Problem 5 (Eigenvalue-based necessary condition): Two realizations are claimed to be similar. Provide a necessary condition using eigenvalues and justify it.

Solution: A necessary condition is that \( \mathbf{A} \) and \( \mathbf{A}_2 \) have the same characteristic polynomial (hence identical eigenvalues with multiplicity). This follows from \( \mathbf{A}_2=\mathbf{T}^{-1}\mathbf{A}\mathbf{T} \) and the determinant identity:

\[ \det(\lambda\mathbf{I}-\mathbf{A}_2)=\det(\lambda\mathbf{I}-\mathbf{A}). \]
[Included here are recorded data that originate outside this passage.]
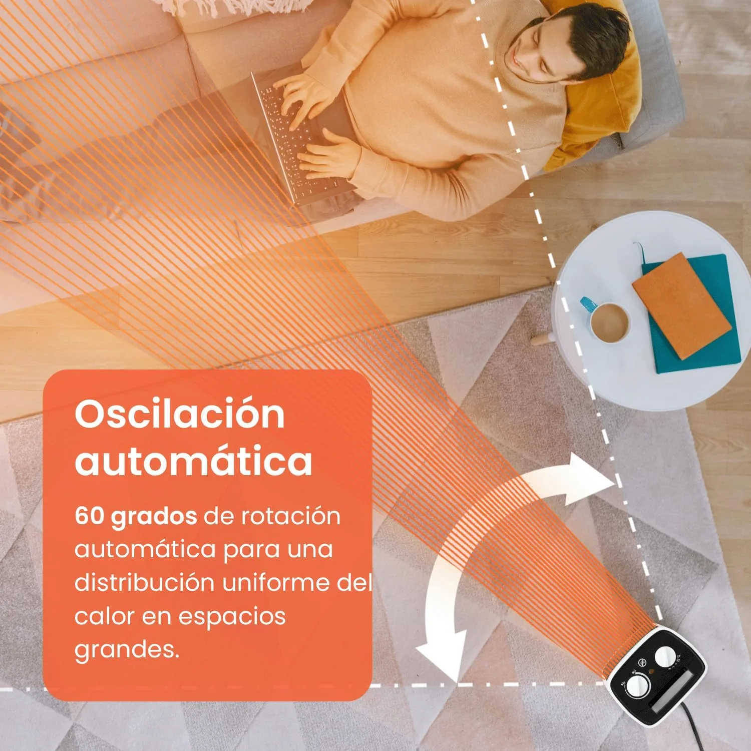 Der oszillierenden Low Modus ist mein Favoriten. Durch die 60 Grad Bewegung verteilt sich die Wärme gleichmäßig im ganzen Raum. Den oszillierenden High Modus bräuchte ich bisher nicht. Unser Bad mit ca. 12qm ist innerhalb von 5-10min kuschelig warm. Es gibt keine Aufwärmphase, die Wärme ist sofort da.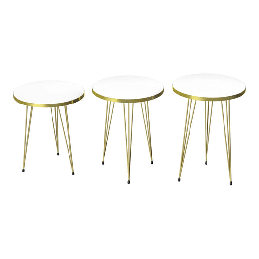 In And OutdoorMatch Side Table Matri - Set of 3 - Round - White and Gold - Chipboard and Metal - Stylish design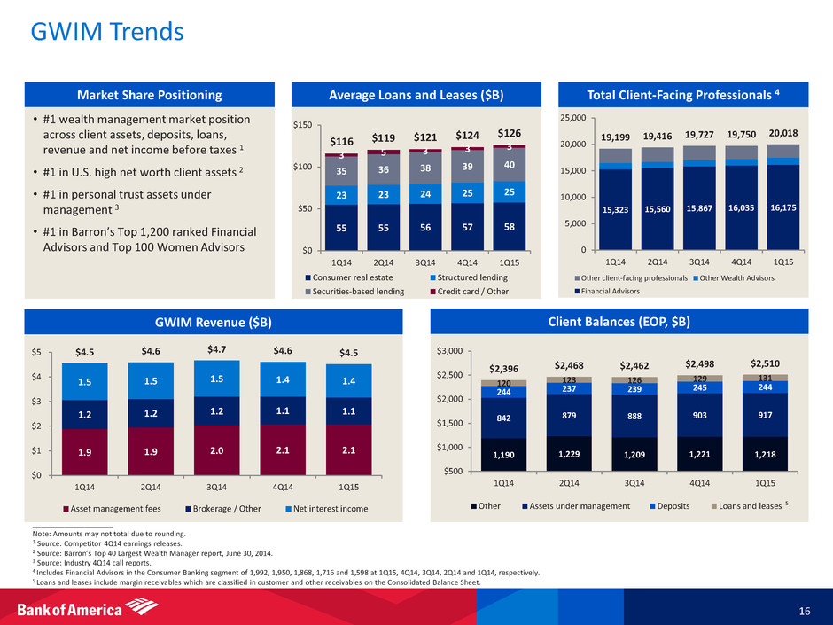 Global Wealth & Investment Management 15 ____________________ 1 FTE basis. 2 Represents a non-GAAP financial measure. For important presentation information, see slide 31. 3 Includes financial advisors in Consumer Banking of 1,992 and 1,598 in 1Q15 and 1Q14. • Net income of $0.7B, generating a pre-tax margin of 23% and a ROAAC of 22% 2 • NII down $0.1B from 1Q14, approximately half due to the allocation of negative market-related adjustments • Noninterest income up 3.4% versus 1Q14 on asset management fees of $2.1B, partially offset by lower transactional revenue • Noninterest expense increased from 1Q14, reflecting higher revenue-related incentives and investment in client-facing professionals • Client balances of $2.5T, up $12B from 4Q14, driven by strong net flows – Long-term AUM flows of $15B, positive for the 23rd consecutive quarter • Record average loans of $126B, up $3B from 4Q14 and $10B, or 9%, versus 1Q14 • Average deposits of $244B, up $5B from 4Q14 and $1B compared to 1Q14 • Financial advisors grew 6% from 1Q14 to 16,175 3 – 4th consecutive quarter of total advisor growth – Experienced advisor attrition at record lows $ in millions Net interest income 1 $1,351 ($56) ($134) Noninterest income 3,166 (29) 104 Total revenue, net of interest expense 1 4,517 (85) (30) Provis ion for credit losses 23 9 - Noninterest expense 3,459 19 100 Income tax expense 1 384 (58) (52) Net income $651 ($55) ($78) Key Indicators ($ in billions) Average depos its $243.6 $238.8 $242.8 Average loans and leases 126.1 123.5 115.9 Net charge-off ratio 0.06 % 0.12 % 0.09 % Long-term AUM flows $14.7 $9.4 $17.4 Liquidi ty AUM flows (1.5) (0.3) (2.4) Pre-tax margin 23 % 25 % 26 % Return on average a l located capita l 2 22 23 25 Al located capita l 2 $12.0 $12.0 $12.0 Inc/(Dec) 1Q15 4Q14 1Q14 1Q15 4Q14 1Q14

If eigenvalues differ, the realizations cannot be related by a similarity transformation (and therefore cannot be state-coordinate equivalent).

11. Summary

We defined similarity (state-coordinate) transformations and proved that they preserve the input–output map, transfer function, eigenvalues, and controllability/observability ranks. We also provided constructive SISO formulas to recover the transformation matrix \( \mathbf{T} \) from controllability or observability matrices and implemented equivalence verification workflows across Python, MATLAB/Simulink, C++, Java, and Mathematica. These results justify why canonical forms (Lesson 3) represent entire equivalence classes of realizations, and they set up the next lesson connecting state-space models to transfer functions.

12. References

  1. Kalman, R.E. (1960). Contributions to the theory of optimal control. Bol. Soc. Mat. Mexicana, 5, 102–119.
  2. Kalman, R.E. (1963). Mathematical description of linear dynamical systems. Journal of the Society for Industrial and Applied Mathematics, Series A: Control, 1(2), 152–192.
  3. Ho, B.L., & Kalman, R.E. (1966). Effective construction of linear state-variable models from input/output functions. Regelungstechnik, 14, 545–548.
  4. Rosenbrock, H.H. (1970). State-space and multivariable theory. Proceedings of the IEE, 117(11), 2137–2148.
  5. Wonham, W.M. (1967). On pole assignment in multi-input controllable linear systems. IEEE Transactions on Automatic Control, 12(6), 660–665.
  6. Kailath, T. (1972). The structure of linear systems. IEEE Transactions on Automatic Control, 17(4), 477–486.
  7. Silverman, L.M. (1969). Realization of linear dynamical systems. IEEE Transactions on Automatic Control, 14(6), 554–567.
  8. Glover, K. (1984). All optimal Hankel-norm approximations of linear multivariable systems and their \(L^\infty\)-error bounds. International Journal of Control, 39(6), 1115–1193.